The Church of St. Columba is a Roman Catholic parish church under the authority of the Roman Catholic Archdiocese of New York, located in Hopewell Junction, Dutchess County, New York State.

==History==
St. Columba Parish was founded in 1904 as a mission of nearby St. Denis' Church. The pastor at the time was Father John Columba McEvoy, thus the origin of the parish name. During that time Mass was offered in the homes of parishioners, then as numbers increased larger spaces were found to gather. By 1904, Hopewell Junction had its own church near the railroad tracks. The church building is reported to have been relocated from Tivoli. Folklore tells us that the parishioners who were doing the moving accidentally dropped the building in the Hudson.
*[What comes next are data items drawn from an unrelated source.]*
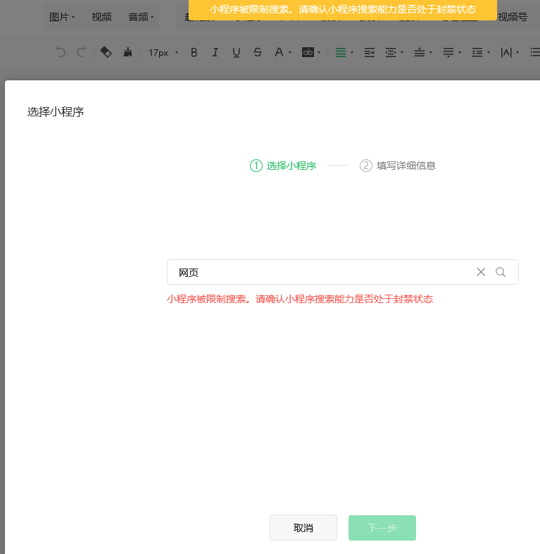 我也有和小程序显示:小程序涉嫌违规,被搜索功能已被限制,不知道是不是没交保证金导致的,过几天等新版本上线,把保证金交了看看
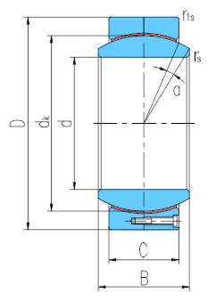 產(chǎn)品特點(diǎn):外圈徑向分為兩半,用螺釘鎖緊,材料為碳鋼,磷化,球面粘貼PTFE編織物;內(nèi)圈材料為軸承鋼,淬火,球面鍍硬鉻。
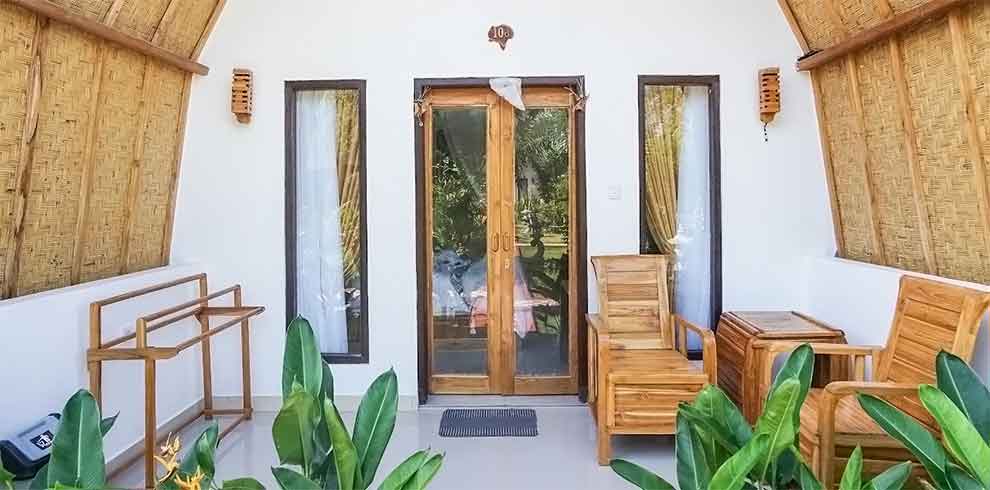 De bungalows zijn gemaakt van natuurlijke materialen zoals hout en steen. De inrichting is eenvoudig maar smaakvol, met Balinese accenten die zorgen voor een authentieke sfeer. Geniet van uw ochtendkoffie op uw privéterras.
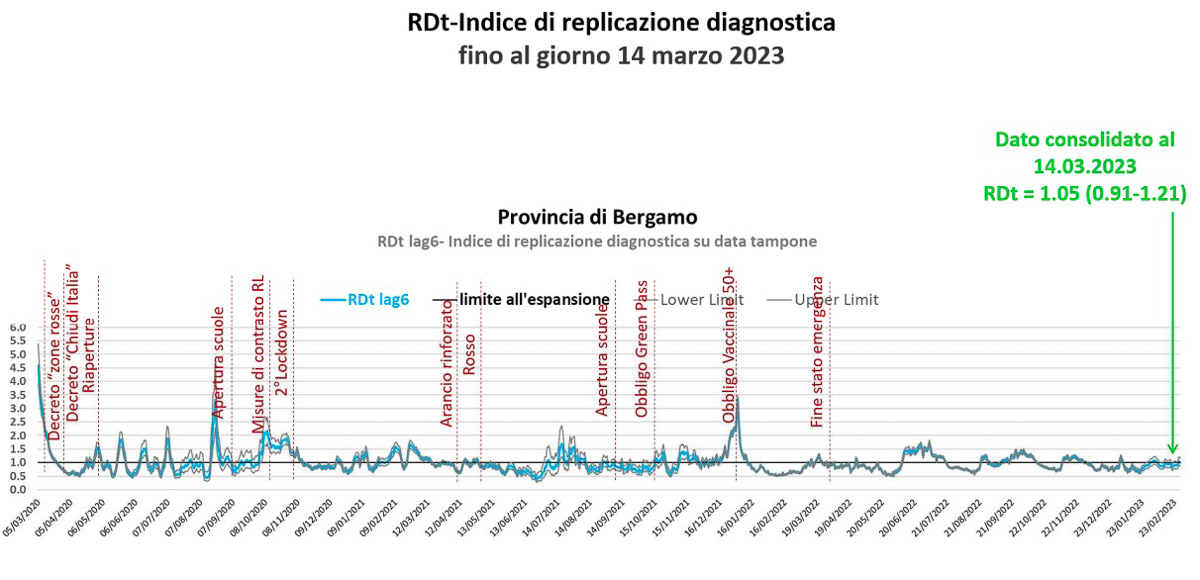 L’indice di replicazione diagnostica (RDt) continua a mostrare una sostanziale stabilità tra settimana corrente e precedente facendo registrare al 14 marzo 2023 il valore di 1.05 (0.91-1.21).
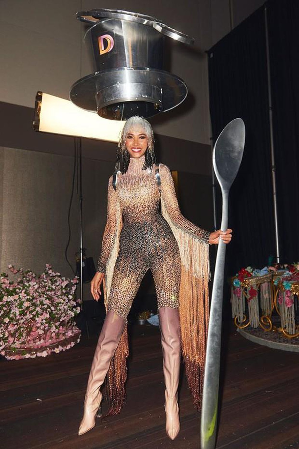 Cheslie Kryst ấn tượng sâu sắc về sự chỉn chu của Hoang Thùy. Dù chỉ diễn tổng duyệt tại khách sạn, trong khi các cô gái khác đa phần mặc đồ thể thao, quần jean còn Hoàng Thùy diện luôn một thiết kế dạ hội xuất sắc - xứng tầm Evening Gown.
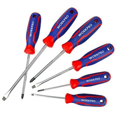 Главная » Строительство и ремонт набор отверток WORKPRO 6шт Просмотров 14 Предметов в наборе: 6 Состав: РН0х75мм, РН1х100мм, РН2х100мм, 3х75mm, 5.5х100mm, 6.5х150mm Хромированное покрытие насадок: да WORKPRO
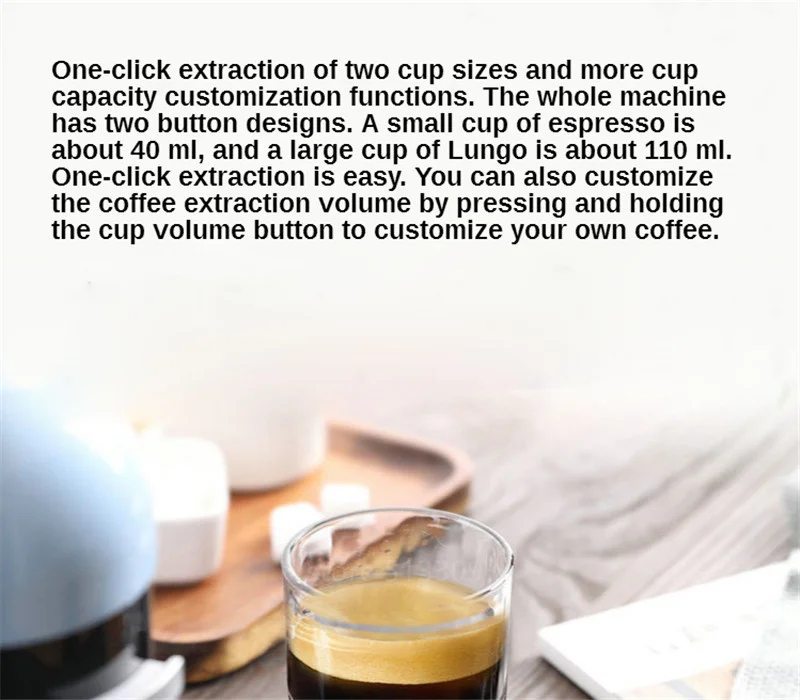Небольшая чашка эспрессо составляет около 40 мл, а большая чашка лунго-около 110 мл. Извлечение одним нажатием легко.
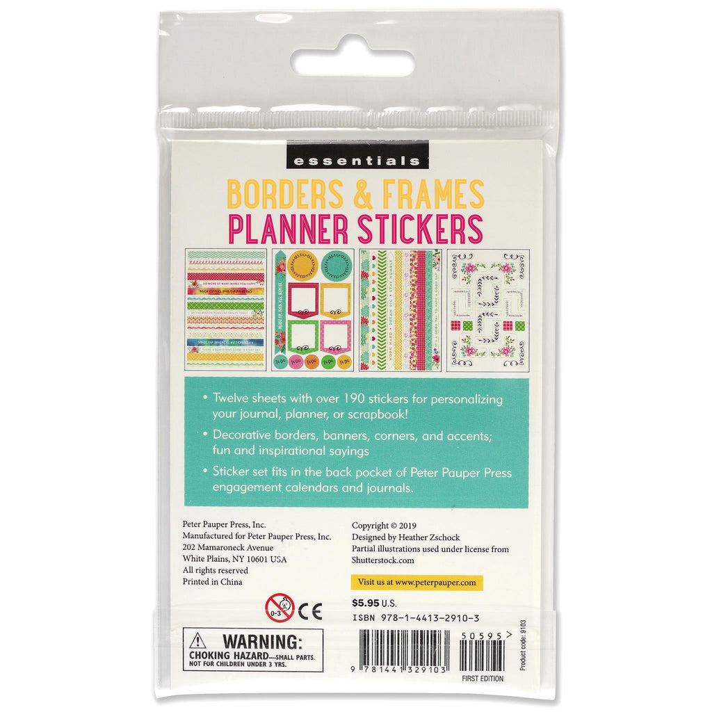 Embellissez votre journal, agenda ou album avec des centaines de bordures et cadres élégants ! Ce lot comprend plus de 190 autocollants différents, de formes et de couleurs variées. Bordures décoratives, bannières, coins, accents, phrases inspirantes et bien plus encore. Des couleurs et des styles éclatants. Parfait pour les bullet journals, agendas, calendriers et albums souvenirs. Ce lot d'autocollants se glisse facilement dans les pochettes arrière des calendriers et journaux Peter Pauper Press. Dimensions de l'emballage : 10 cm de large x 19 cm de haut.

Resourceful as any St. Denis parishioners of today, the movers fished the building out and brought it to its site. The new church was named St. Columba, the patron saint of Scotland. Tradition holds that the name was chosen because it was the middle name of the then pastor of St. Denis. The parish was thereafter referred to as St. Denis-St. Columba.

In the 1950s IBM came to East Fishkill and the Hopewell Junction population surged. The present property was purchased in 1959 by the Pastor of St. Denis, Monsignor Brody. The School and Convent were built in 1964. Sister Grace Imelda was the founding Principal of our School which opened in 1965. Religious services were held in the gymnasium of the school. The Church built under the leadership of Monsignor Joseph Meehan, was dedicated on April 14, 1989. St. Columba was finally established as its own Parish in 1992 with Bishop Dominick Lagonegro as its first Pastor.

Blessed Kateri Mission was established in 1998 to accommodate the ever-increasing number of new parishioners to the area. Blessed Kateri became its own Parish in 2002.